In his rigorous, scholarly, but accessible book, Waldman notes such horrific events but doesn’t dwell on them. He is after something else. He wants to understand how it came to be that the Second Amendment, long assumed to mean one thing, has come to mean something else entirely. To put it another way: Why are we, as a society, willing to put up with mass shootings as the price we must pay for the right to carry a gun?

The Second Amendment begins, “A well-regulated Militia, being necessary to the security of a free State,” and that’s where Waldman, the president of the Brennan Center for Justice at the New York University School of Law, begins, too. He has gone back into the framers’ original arguments and made two essential discoveries, one surprising and the other not surprising at all.

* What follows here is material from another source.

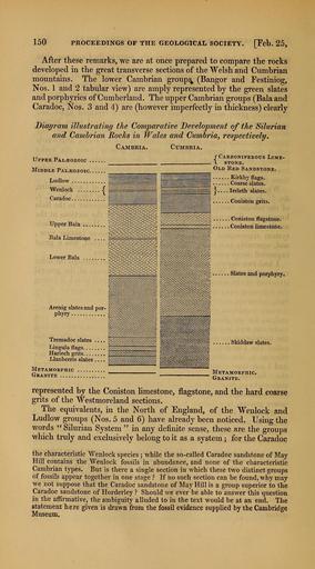 | Keywords: The Quarterly journal of the Geological Society of London (12684285213).jpg 150 <br> PROCEEDINGS OF THE GEOLOGICAL SOCIETY Feb 25 <br> After these remarks we are at once prepared to compare the rocks <br> developed in the great transverse sections of the Welsh and Cumbrian <br> mountains The lower Cambrian groups Bangor and Festiniog <br> Nos 1 and 2 tabular view are amply represented by the green slates <br> and porphyries of Cumberland The upper Cambrian groups Bala and <br> Caradoc Nos 3 and 4 are however imperfectly in thickness clearly <br> Diagram illustrating the Comparative Development of the Silurian <br> and Cambrian Rocks in Wales and Cumbria respectively <br> Cambria Cumbria <br> Upper PALiEozoic <br> Middle PALiEozoic <br> Ludlow <br> Wenlock <br> Caradoc <br> Upper Bala <br> Bala Limestone <br> /Carboniferous Lime- <br> l stone <br> Old Red Sandstone <br> Kirkby flags <br> Coarse slates <br> Ireleth slates <br> Coniston grits <br> Coniston flagstone <br> Coniston limestone <br> Lower Bala <br> Slates and porphyry <br> Arenig slates and por- <br> phyry <br> Tremadoc slates <br> Lingula flags <br> Harlech grits <br> Llanberris slates <br> Metamorphic <br> Granite <br> SMddaw slates <br> Metamorphic <br> Granite <br> represented by the Coniston limestone flagstone and the hard coarse <br> grits of the Westmoreland sections <br> The equivalents in the North of England of the Wenlock and <br> Ludlow groups Nos 5 and 6 have already been noticed Using the <br> words Silurian System in any definite sense these are the groups <br> which truly and exclusively belong to it as a system ; for the Caradoc <br> the characteristic Wenlock species ; while the so-called Caradoc sandstone of May <br> Hill contains the Wenlock fossils in abundance and none of the characteristic <br> Cambrian types But is there a single section in which these two distinct groups <br> of fossils appear together in one stage If no such section can be found why may <br> we not suppose that the Caradoc sandstone of May Hill is a group superior to the <br> Caradoc sandstone of Horderley Should we ever be able to answer this question <br> in the afBrmative the ambiguity alluded to in the text would be at an end The <br> statement here given is drawn from the fossil evidence supplied by the Cambridge <br> Museum 35461152 109911 51125 Page 150 Text v 8 http //www biodiversitylibrary org/page/35461152 1852 Geological Society of London NameFound Cambria NameConfirmed Cambria NameBankID 4453973 NameFound Lingula NameConfirmed Lingula EOLID 11118945 NameBankID 2765654 Biodiversity Heritage Library The Quarterly journal of the Geological Society of London v 8 1852 Geology Periodicals Smithsonian Libraries bhl page 35461152 dc identifier http //biodiversitylibrary org/page/35461152 smithsonian libraries Information field Flickr posted date ISOdate 2014-02-21 Check categories 2015 August 26 CC-BY-2 0 BioDivLibrary https //flickr com/photos/61021753 N02/12684285213 2015-08-27 12 57 45 cc-by-2 0 PD-old-70-1923 The Quarterly journal of the Geological Society of London 1852 Photos uploaded from Flickr by Fæ using a script |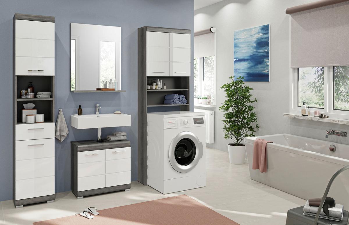 - Nicht im Lieferumfang enthalten: Armatur, Aufsatzbeleuchtung, Ablaufgarnitur, Waschbecken, Waschmaschine

The surprising discovery is that of all the amendments that comprise the Bill of Rights, the Second was probably the least debated. What we know is that the founders were deeply opposed to a standing army, which they viewed as the first step toward tyranny. Instead, their assumption was that the male citizenry would all belong to local militias. As Waldman writes, “They were not allowed to have a musket; they were required to. More than a right, being armed was a duty.”

Thus the unsurprising discovery: Virtually every reference to “the right of the people to keep and bear Arms” — the second part of the Second Amendment — was in reference to military defense. Waldman notes the House debate over the Second Amendment in the summer of 1789: “Twelve congressmen joined the debate. None mentioned a private right to bear arms for self-defense, hunting or for any purpose other than joining the militia.”

In time, of course, the militia idea died out, replaced by a professionalized armed service. Most gun regulation took place at the state and city level. The judiciary mostly stayed out of the way. In 1939, the Supreme Court upheld the nation’s first national gun law, the National Firearms Act, which put onerous limits on sawed-off shotguns and machine guns — precisely because the guns had no “reasonable relation” to “a well-regulated militia.”

But then, in 1977, there was a coup at the National Rifle Association, which was taken over by Second Amendment fundamentalists. Over the course of the next 30 years, they set out to do nothing less than change the meaning of the Second Amendment, so that it’s final phrase — “shall not be infringed” — referred to an individual right to keep and bear arms, rather than a collective right for the common defense.

Waldman is scornful of much of this effort. Time and again, he finds the proponents of this new view taking the founders’ words completely out of context, sometimes laughably so. They embrace Thomas Jefferson because he once wrote to George Washington, “One loves to possess arms.” In fact, says Waldman, Jefferson was referring to some old letter he needed “so he could issue a rebuttal in case he got attacked for a decision he made as secretary of state.”

Still, as Waldman notes, the effort was wildly successful. In 1972, the Republican platform favored gun control. By 1980, the Republican platform opposed gun registration. That year, the N.R.A. gave its first-ever presidential endorsement to Ronald Reagan.

The critical modern event, however, was the Supreme Court’s 2008 Heller decision, which tossed aside two centuries of settled law, and ruled that a gun-control law in Washington, D.C., was unconstitutional under the Second Amendment. The author of the majority opinion was Antonin Scalia, who fancies himself the leading “originalist” on the court — meaning he believes, as Waldman puts it, “that the only legitimate way to interpret the Constitution is to ask what the framers and their generation intended in 1789.”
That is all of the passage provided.